A much rarer possibility is a popliteal artery aneurysm, where the artery behind the knee balloons outward. These account for 85% of all peripheral artery aneurysms but are still uncommon in the general population, occurring in 0.1% to 2.8% of people. They peak in the sixth and seventh decades of life and are often found on both sides. About 60% produce a pulsatile lump you can feel behind the knee. Most are painless, but if the aneurysm clots suddenly, it can cut off blood flow to the lower leg, causing acute pain, numbness, paleness, and weakness.
How It’s Diagnosed
Ultrasound is the first-line imaging tool for posterior knee swelling. It’s quick, inexpensive, and highly accurate. In a study comparing ultrasound to MRI for detecting Baker’s cysts, identifying fluid between the two specific tendons behind the knee in communication with a cyst was 100% accurate for confirming the diagnosis. Ultrasound also readily distinguishes a fluid-filled cyst from a solid mass or a blood clot, which is why it’s often the only test you need.
MRI is reserved for cases where the doctor suspects an underlying meniscus tear, cartilage damage, or another internal knee problem driving the fluid production. It gives a detailed look at all the soft tissue structures inside the joint and helps guide treatment decisions.
Treatment Options
Because a Baker’s cyst is a symptom of a deeper problem, treatment focuses on the underlying cause rather than the cyst itself.
For mild cases, the standard approach is rest, ice, compression, and anti-inflammatory medications to reduce fluid production. Many cysts shrink or disappear once the joint settles down. Physical therapy plays a key role here, particularly exercises that strengthen the muscles around the knee and improve flexibility, which takes pressure off the joint and reduces fluid buildup over time.
If the cyst is large or painful, your doctor can drain it with a needle under ultrasound guidance, often followed by an injection of a steroid to reduce inflammation. This provides relief for most people, though the duration varies. In cases where there’s an ongoing mechanical issue like patellar maltracking or a persistent meniscus tear, symptoms tend to return more quickly because the root cause is still generating excess fluid.

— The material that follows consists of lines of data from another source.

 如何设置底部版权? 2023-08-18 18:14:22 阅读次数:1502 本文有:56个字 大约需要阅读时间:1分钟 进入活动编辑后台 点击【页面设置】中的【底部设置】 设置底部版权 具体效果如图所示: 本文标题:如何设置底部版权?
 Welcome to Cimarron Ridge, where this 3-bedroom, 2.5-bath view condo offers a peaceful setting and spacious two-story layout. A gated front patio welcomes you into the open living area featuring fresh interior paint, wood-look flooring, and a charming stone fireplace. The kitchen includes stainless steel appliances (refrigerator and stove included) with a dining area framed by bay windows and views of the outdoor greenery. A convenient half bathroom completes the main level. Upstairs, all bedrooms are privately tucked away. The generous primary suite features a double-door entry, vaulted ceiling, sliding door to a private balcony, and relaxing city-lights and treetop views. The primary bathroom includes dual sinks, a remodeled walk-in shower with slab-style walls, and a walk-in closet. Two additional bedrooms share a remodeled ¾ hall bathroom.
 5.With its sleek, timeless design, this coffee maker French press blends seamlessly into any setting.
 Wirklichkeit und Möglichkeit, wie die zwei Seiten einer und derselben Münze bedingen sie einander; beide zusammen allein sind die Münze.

Surgery becomes an option when the cyst keeps coming back despite other treatments. Traditional open surgical removal has relatively high recurrence rates because it doesn’t address what’s happening inside the joint. Arthroscopic approaches, where a surgeon treats the internal damage (like repairing a meniscus tear) and opens the valve-like connection so fluid drains back into the joint normally, tend to have better long-term results. The procedure is typically outpatient, and recovery involves gradually returning to full activity over several weeks.

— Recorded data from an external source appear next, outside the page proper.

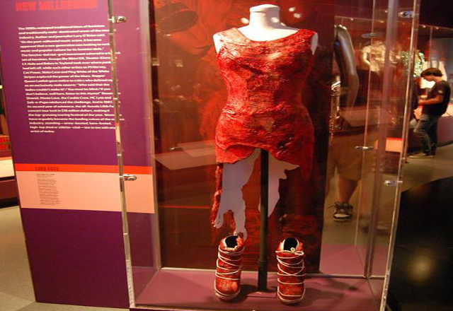 3/09/15.- El vestido de carne que usó Lady Gaga en los MTV Music Awards aún existe, ya que forma parte del museo "The Rock and Roll Hall of Fame". Fue hace cinco años cuando Lady Gaga llamó la ate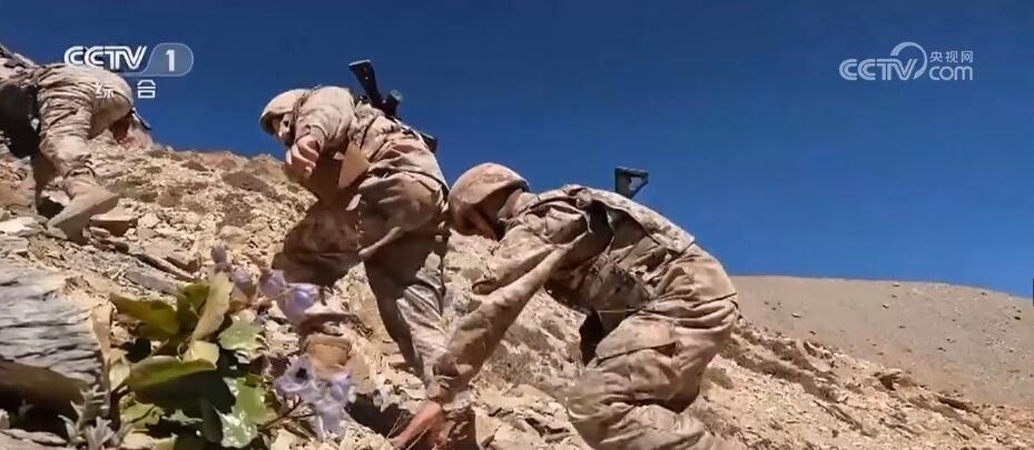 一路走走停停艱難前行。巡邏車(chē)行駛至距離點(diǎn)位6公里處停了下來(lái),由于道路塌陷,官兵們只好下車(chē)改為徒步巡邏。行走在坡度近70度的陡峭山路上,路面全是碎石,加上海拔不斷攀升,這對(duì)巡邏官兵的體能是極大的挑戰(zhàn)。經(jīng)過(guò)近4個(gè)小時(shí)的艱難攀爬,巡邏分隊(duì)終于到達(dá)了點(diǎn)位。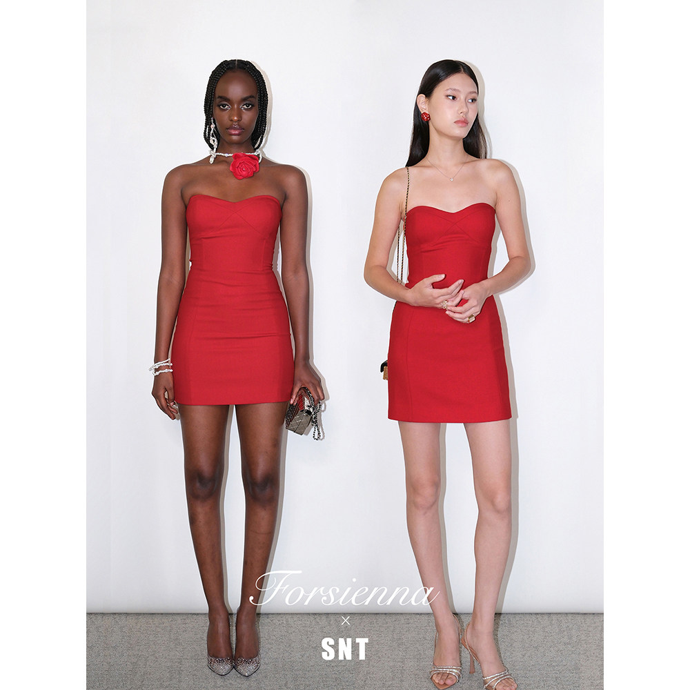 红色抹胸修身 非常醇正 小礼服裙 重磅羊毛 SNT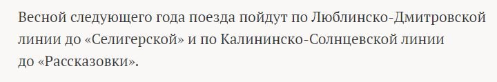Стройкомплекс Москвы, со ссылкой на сайт мэра Собянина рассказал о планах по запуску Калининско-Солнцевской линии до станции Рассказовка. Линию планируется запустить следующей весной, а это, "примерно" март или апрель или май. На новом 15-километровом участке желтой ветки метро откроется семь станций: «Мичуринский проспект», «Очаково», «Говорово», «Солнцево», «Боровское шоссе», «Новопеределкино» и «Рассказовка».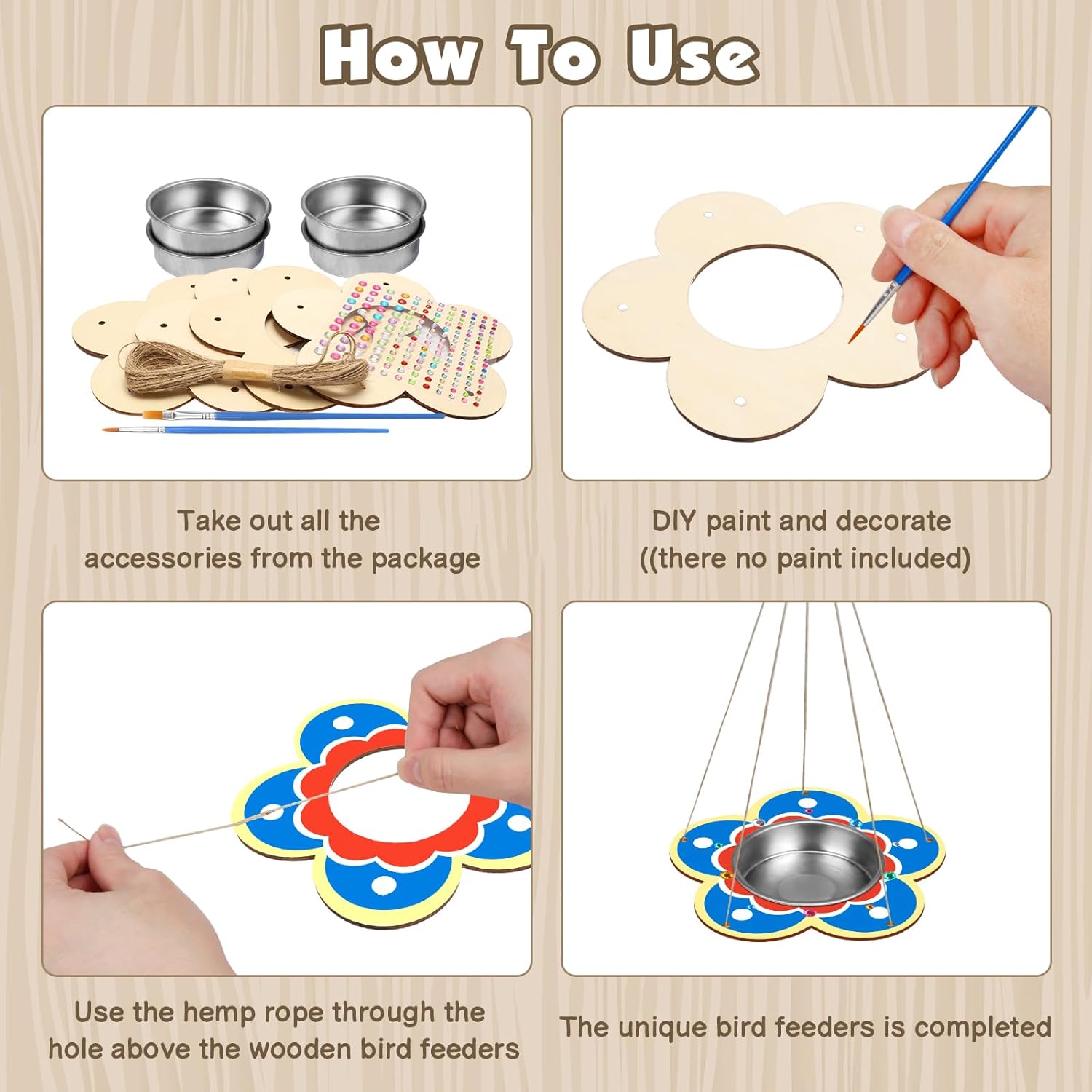 - Wooden Bird Feeders Kit: The bird feeders for Kids package includes 4 xunfinished wooden bird feeders, 4 xstainless steel bowls, 2 xpainting brushes( There no paint included), 1x10m hemp rope 1x rhinestone stickers 1x instruction. Fully equipped, kids can play freely and create their own artwork!Fun and creative crafts keep them busy and enjoy the handcraft entertained.let their creativity run wild!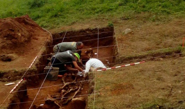 Aunque las labores dieron comienzo hoy, la excavación de la fosa está casi concluida. En ella han aparecido nueve cuerpos, aunque «algunos de los restos humanos están solapados y quizás pudiera haber más», sostiene Martínez. Y estaba en lo cierto, ya que una vez concluidos los trabajos la cifra asciende a doce. Junto a ellos apenas han aparecido objetos.

What a Baker’s Cyst Feels Like Day to Day
Living with a Baker’s cyst is more annoying than dangerous for most people. The tightness behind the knee worsens with activity, particularly anything that requires deep bending. You may notice the swelling increases after a long day on your feet and decreases after rest. Straightening the leg fully can feel stiff or blocked, almost like something is in the way, because the cyst gets compressed between the muscles when the knee extends.

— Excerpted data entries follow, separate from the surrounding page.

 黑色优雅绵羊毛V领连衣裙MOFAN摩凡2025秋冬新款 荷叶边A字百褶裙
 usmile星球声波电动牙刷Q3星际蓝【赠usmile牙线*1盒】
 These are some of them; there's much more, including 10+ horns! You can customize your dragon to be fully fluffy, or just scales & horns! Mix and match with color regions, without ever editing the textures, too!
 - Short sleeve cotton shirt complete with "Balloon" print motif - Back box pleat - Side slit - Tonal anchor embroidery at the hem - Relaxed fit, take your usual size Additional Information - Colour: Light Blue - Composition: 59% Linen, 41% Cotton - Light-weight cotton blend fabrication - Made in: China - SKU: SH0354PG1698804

If the cyst ruptures, fluid leaks into the surrounding calf tissue. This causes a sudden, sharp pain behind the knee or in the upper calf, followed by swelling and sometimes bruising that tracks down toward the ankle. A ruptured cyst is painful but not dangerous. The leaked fluid is gradually reabsorbed by the body over days to weeks, though the area can remain sore and swollen during that time.